*TASK BRIEF*.
Return all the data verbatim but without images.

*DATA SHOWN*.
-=-=-
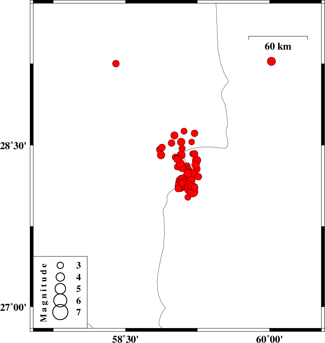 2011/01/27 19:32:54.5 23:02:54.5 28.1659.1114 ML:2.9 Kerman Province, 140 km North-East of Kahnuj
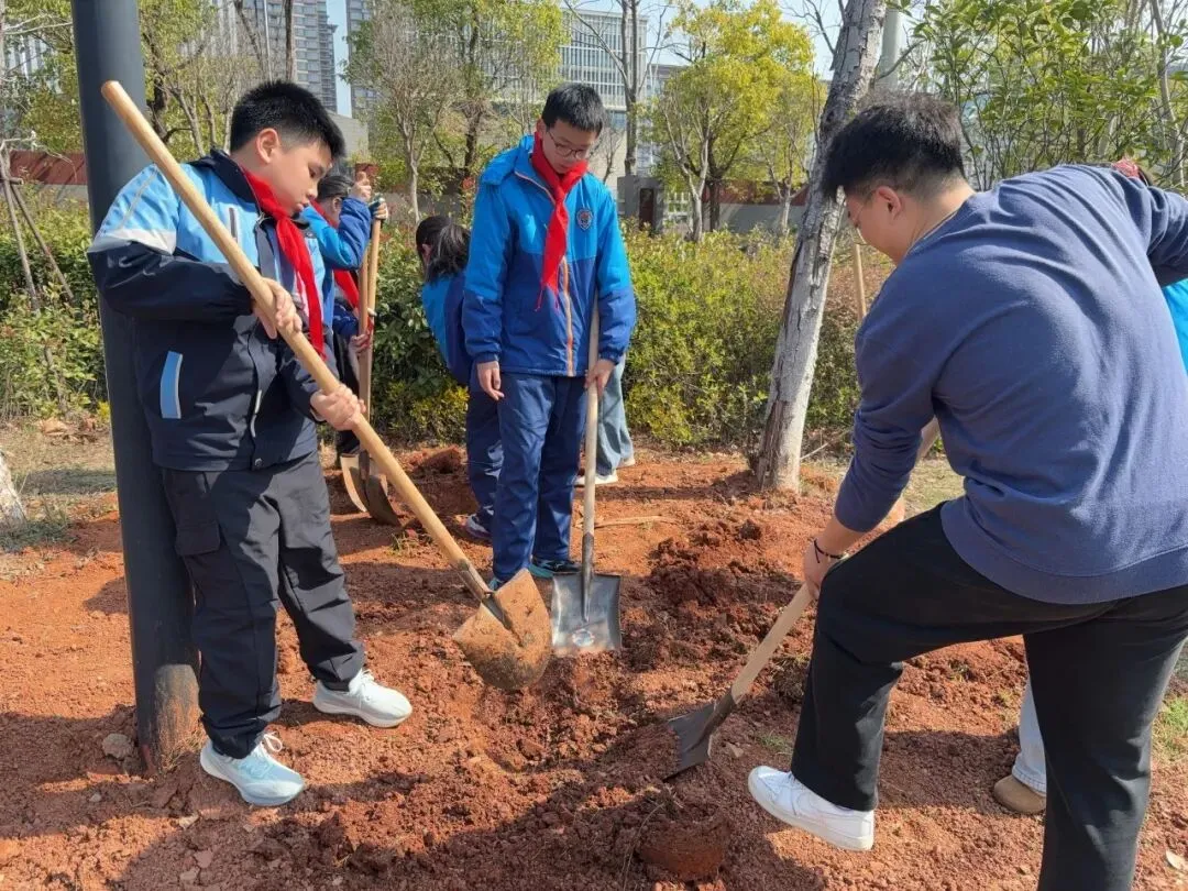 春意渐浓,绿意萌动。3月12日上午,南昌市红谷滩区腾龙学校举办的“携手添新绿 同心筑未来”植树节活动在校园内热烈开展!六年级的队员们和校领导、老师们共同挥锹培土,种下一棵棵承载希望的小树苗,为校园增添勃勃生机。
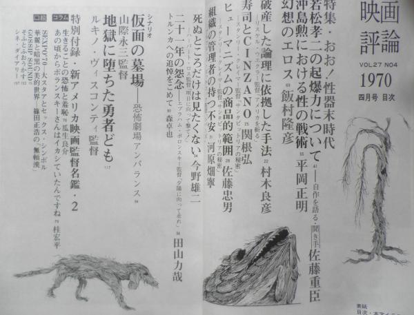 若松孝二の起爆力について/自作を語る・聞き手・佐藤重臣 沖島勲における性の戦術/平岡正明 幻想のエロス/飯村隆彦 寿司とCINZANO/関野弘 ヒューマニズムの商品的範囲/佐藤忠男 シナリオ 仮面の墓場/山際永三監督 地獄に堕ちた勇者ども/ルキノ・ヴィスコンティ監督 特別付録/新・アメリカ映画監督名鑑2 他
-=-=-
*SOLUTION FOR THIS TASK*.
 2011/01/27 19:32:54.5 23:02:54.5 28.1659.1114 ML:2.9 Kerman Province, 140 km North-East of Kahnuj
 春意渐浓,绿意萌动。3月12日上午,南昌市红谷滩区腾龙学校举办的“携手添新绿 同心筑未来”植树节活动在校园内热烈开展!六年级的队员们和校领导、老师们共同挥锹培土,种下一棵棵承载希望的小树苗,为校园增添勃勃生机。
 若松孝二の起爆力について/自作を語る・聞き手・佐藤重臣 沖島勲における性の戦術/平岡正明 幻想のエロス/飯村隆彦 寿司とCINZANO/関野弘 ヒューマニズムの商品的範囲/佐藤忠男 シナリオ 仮面の墓場/山際永三監督 地獄に堕ちた勇者ども/ルキノ・ヴィスコンティ監督 特別付録/新・アメリカ映画監督名鑑2 他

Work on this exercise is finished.